以下、朝日新聞デジタル版(2021/8/9 19:08)から。
朝日新聞の世論調査(7、8両日)で菅内閣の支持率が28%と発足以来最低に下がったことを受け、自民党内からも菅首相に対する厳しい意見が相次いだ。政権が浮揚策として期待した東京五輪は8日に閉幕。自民党のベテラン議員は「今までは、五輪が目くらましになってきたからまだ良かった」と漏らし、五輪がなければさらに批判が強まっていたとの見方を示した。

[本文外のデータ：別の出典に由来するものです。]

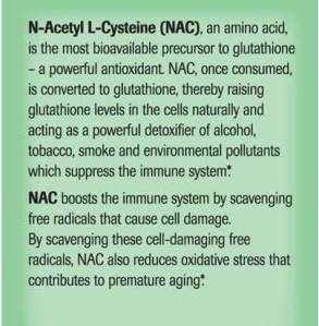 Your body uses NAC as a precursor in making Glutathione, one of the more potent antioxidant nutrients that help quench free radicals thereby preventing oxidative stress in cells.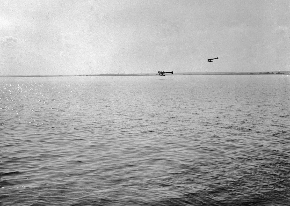 Två flygplan Hansa typ 42, Heinkel He 2 under landning på sjön Roxen, omkring 1924-1926.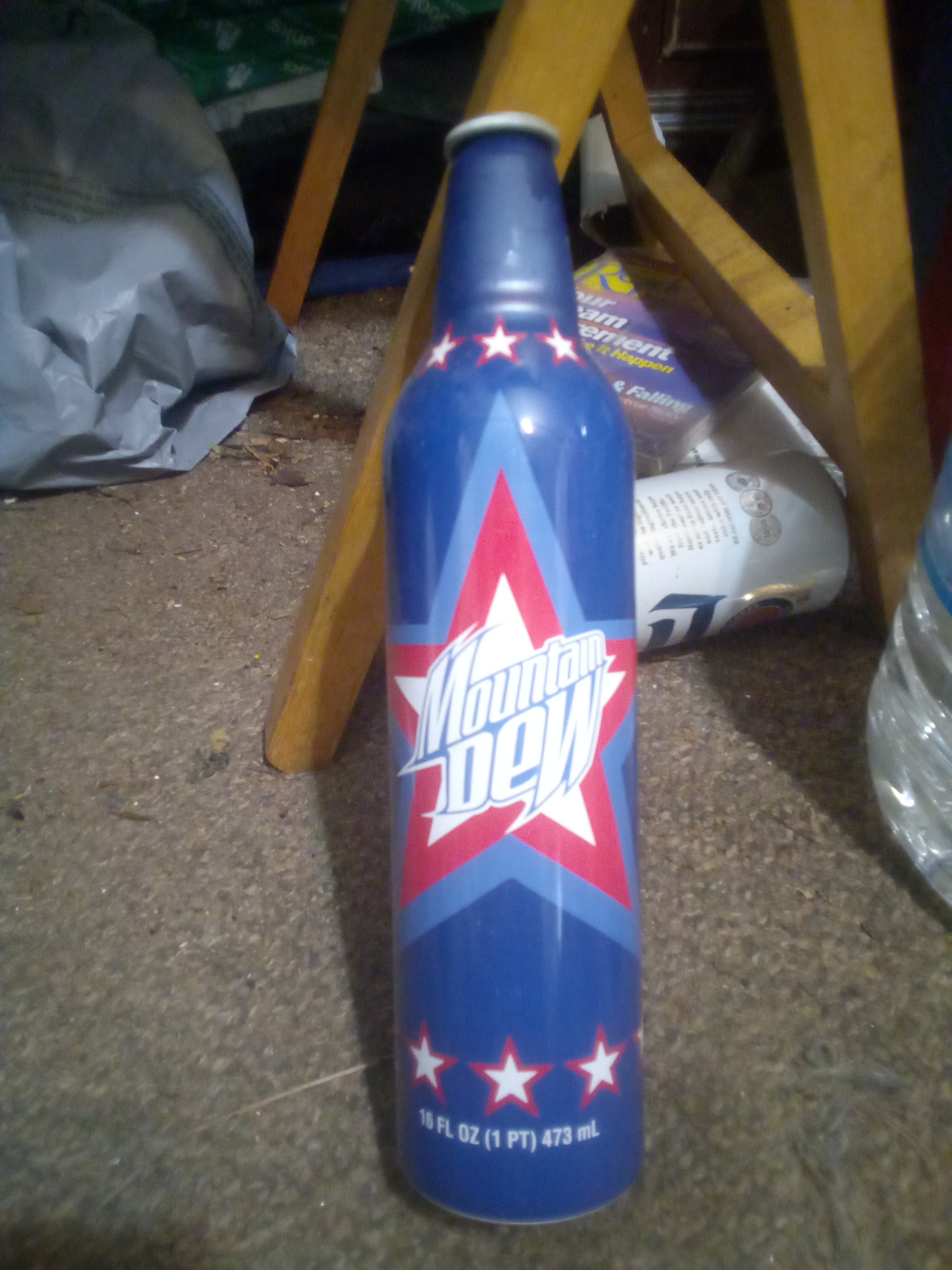 Physical Description: This is a custom aluminum bottle for Mountain Dew, measuring approximately 10 to 12 inches tall with a round diameter of 2 inches. The bottle features a prominent Mountain Dew logo, highlighted by a red star design and blue background. The bottle is designed for a 16 FL OZ (1 PT) capacity, indicating it originally held a beverage.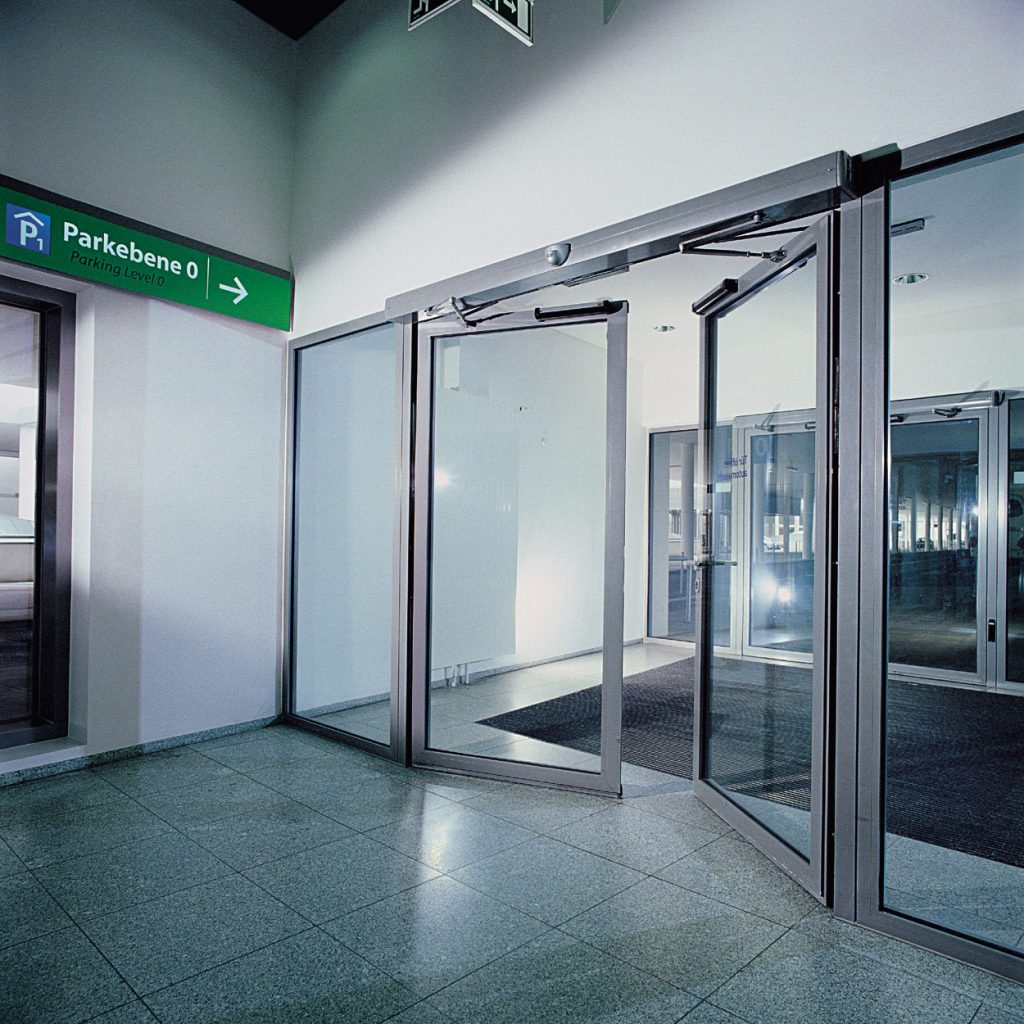 Portas automáticas em vidro, de abertura lateral, próprias para vãos de passagem intensiva. Ideais para hotéis, superfícies comerciais e de serviço público, entre outros.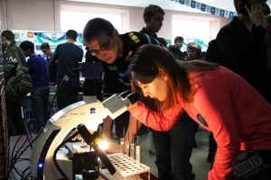 Технические факультеты Комсомольского-на-Амуре государственного технического университета продемонстрировали на ярмарке то, чему смогут научиться будущие студенты. Здесь были представлены макеты самолетов, подводной лодки, с помощью катушки Тесла ребята смогли зажечь лампочки. Школьники также получили возможность попробовать себя в роли сварщиков и исследовать микромир при помощи современного микроскопа и много другое.

立憲民主党の蓮舫代表代行は朝日新聞の取材に「いくら五輪が盛り上がっても内閣支持率にはつながらない」と指摘。同党の新型コロナ対策本部長の逢坂誠二氏も「感染者が急増する中、合理的な説明もなく五輪を強行したことへの国民の不満の表れ」と批判した。
自民党の中堅議員は「有権者は首相に嫌気がさしている」とし、閣僚経験者も「地元で誰も菅さんをよく言わない」と語る。

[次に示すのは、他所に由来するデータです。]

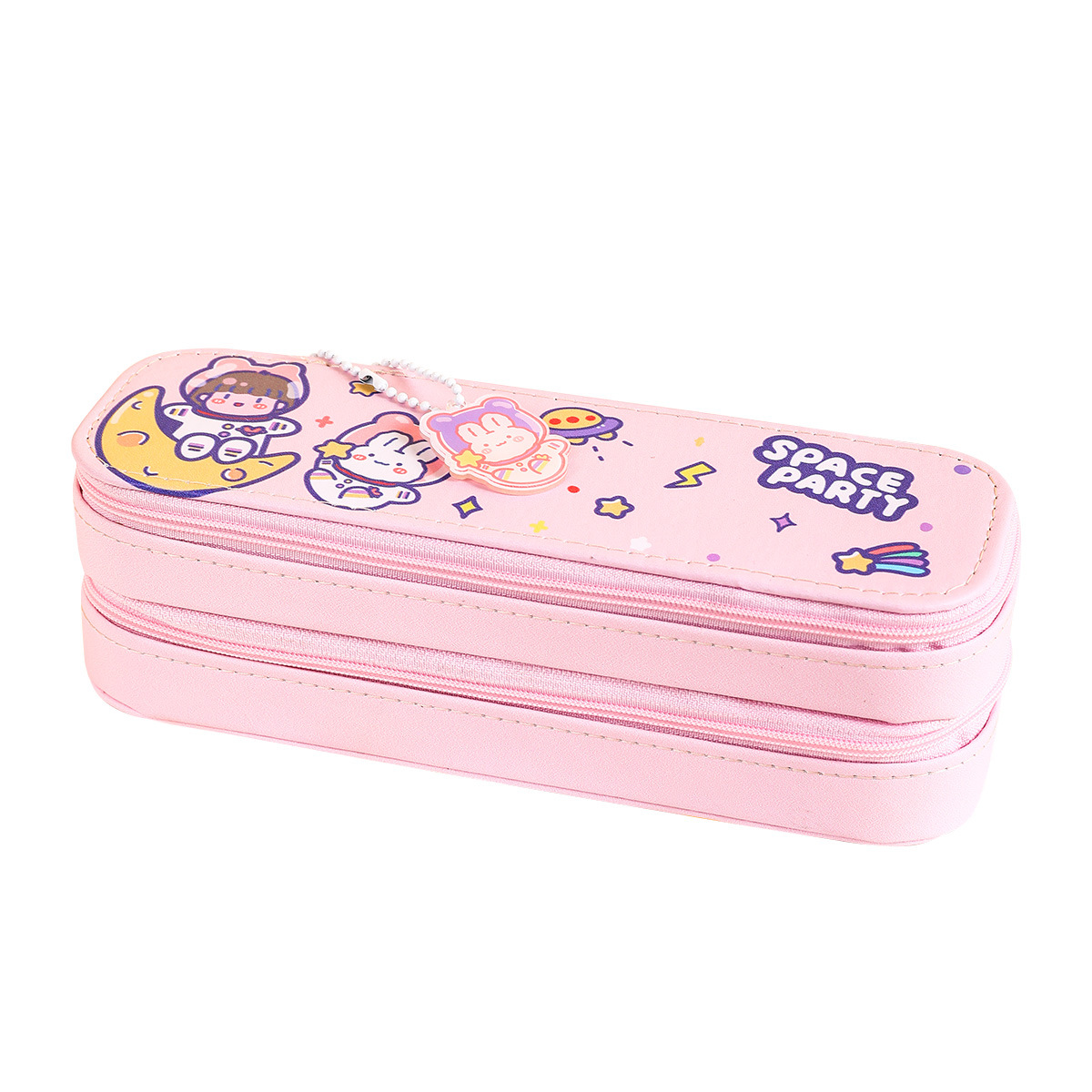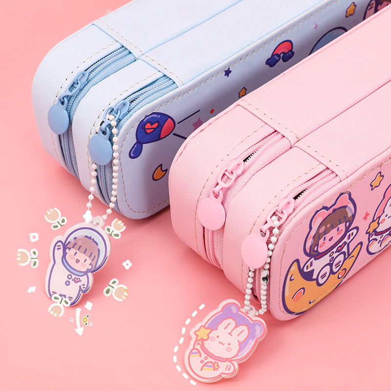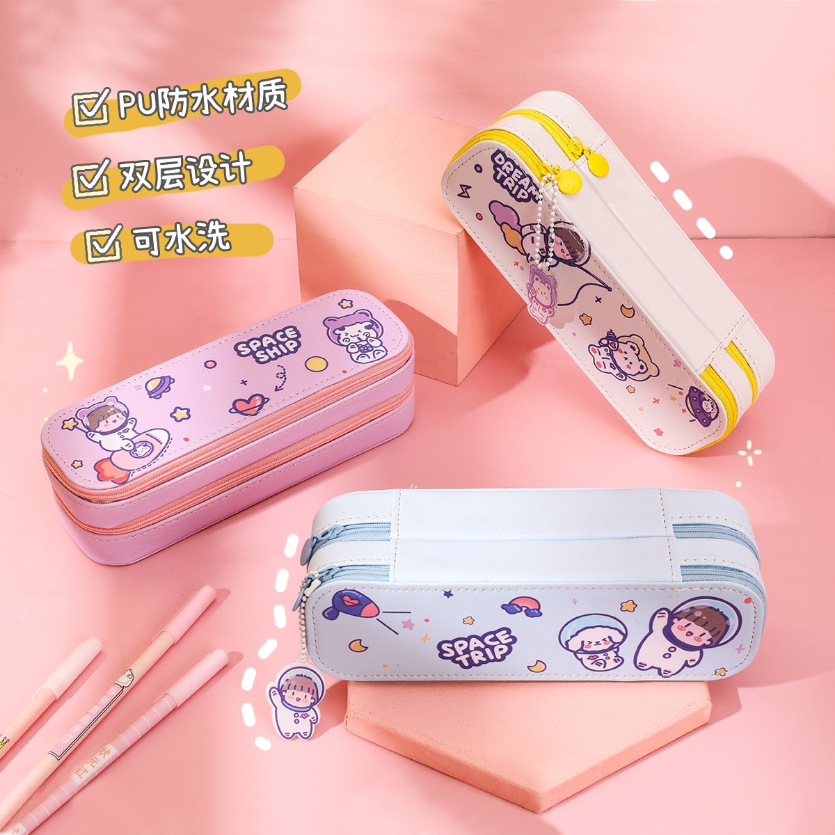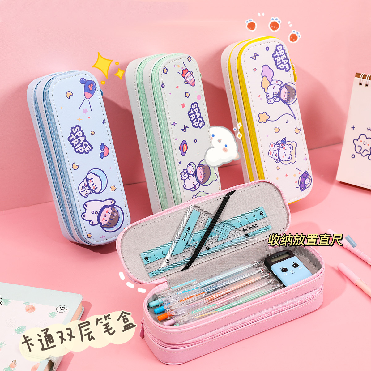 Versatile double layer pencil case large capacity canvas pu Korean version elementary school student pen bag girl heart ins junior high school creative men's stationery bag Korea day department small fresh and cute super cute net red lead pencil case

そのため、9月末の総裁任期満了に伴う総裁選の行方にも影響が出かねない状況だ。
選挙の基盤が弱い若手は「無投票はあり得ない。誰か出さないと」と焦りを隠さない。
内閣支持率は下落しているものの、自民党支持率は32%で5月以降横ばいが続いている。衆院選比例区投票先としての自民も35%だ。
こうした数字を踏まえ、首相周辺は「内閣支持率が下がる一方で政党支持率が堅調。ならば『選挙の顔を変えろ』となる。これまでは無投票で再選できればと考えていたが、そうはいかないかもしれない」と危機感を募らせる。首相を支えるベテランも「総裁選となればこれまでくすぶっている首相への不満が噴き出す。だから(総裁選をさせないために)9月に解散するんじゃないかという話も出ている」と語る。

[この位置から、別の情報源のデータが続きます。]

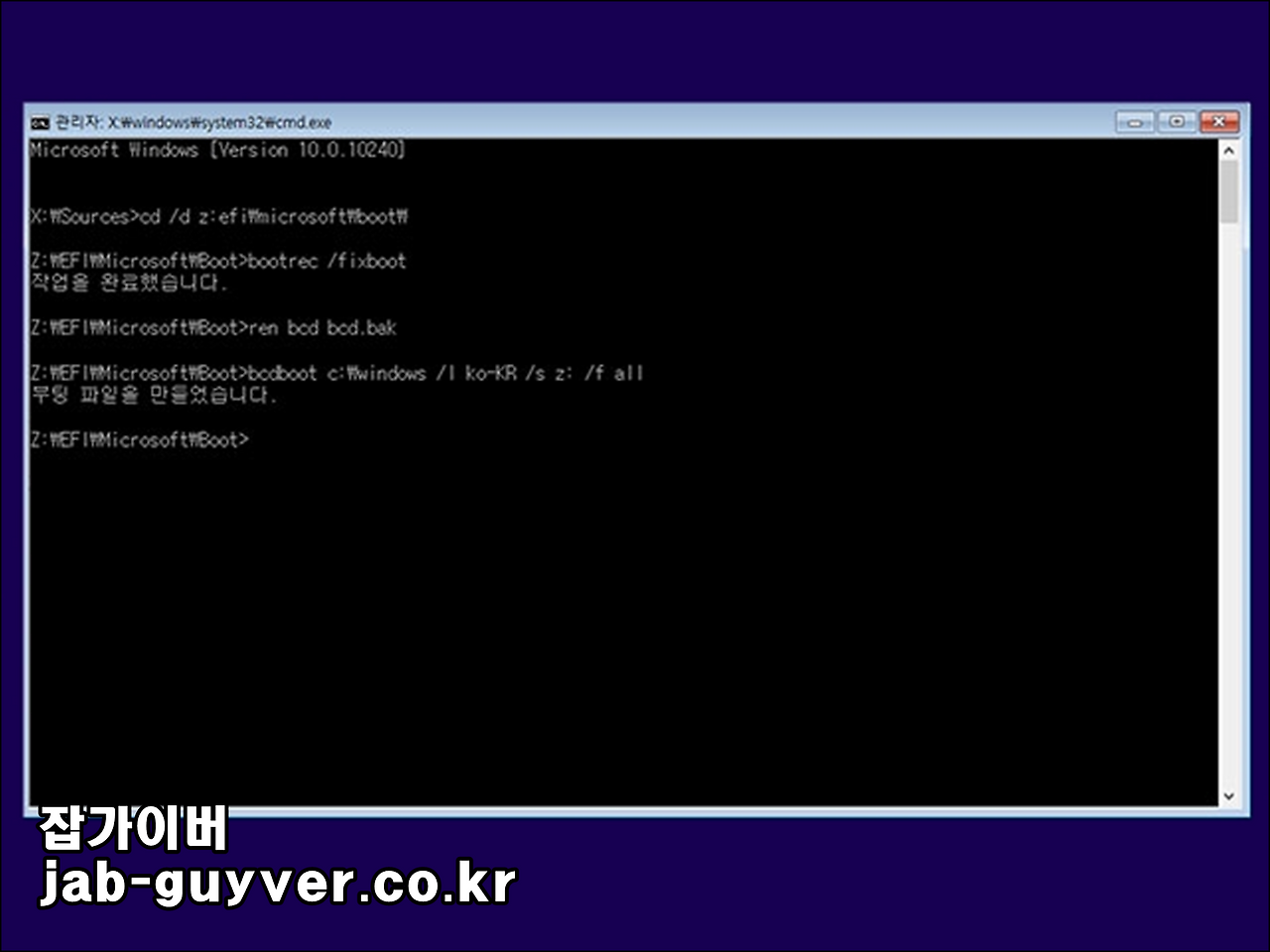 - 그럼 BCD 재구성 작업이 완료되면 시스템을 다시 시작합니다.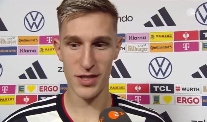 北京时间11月18日,在世预赛欧洲区A组的末轮比赛中,德国队在主场6-0大胜斯洛伐克,顺利以小组第一的成绩挺进2026年世界杯,赛后此战首发出场的施洛特贝克接受了媒体的采访。“当我

ただ、「ポスト菅」としての有力候補は今のところ見当たらない状況が続いている。最大派閥の細田派の細田博之会長は8日、松江市で会見し、菅首相の再選を支持する考えを示した。
一方、野党第1党の立憲民主党は伸び悩んでいる。政党支持率は6%、比例区投票先も15%にとどまる。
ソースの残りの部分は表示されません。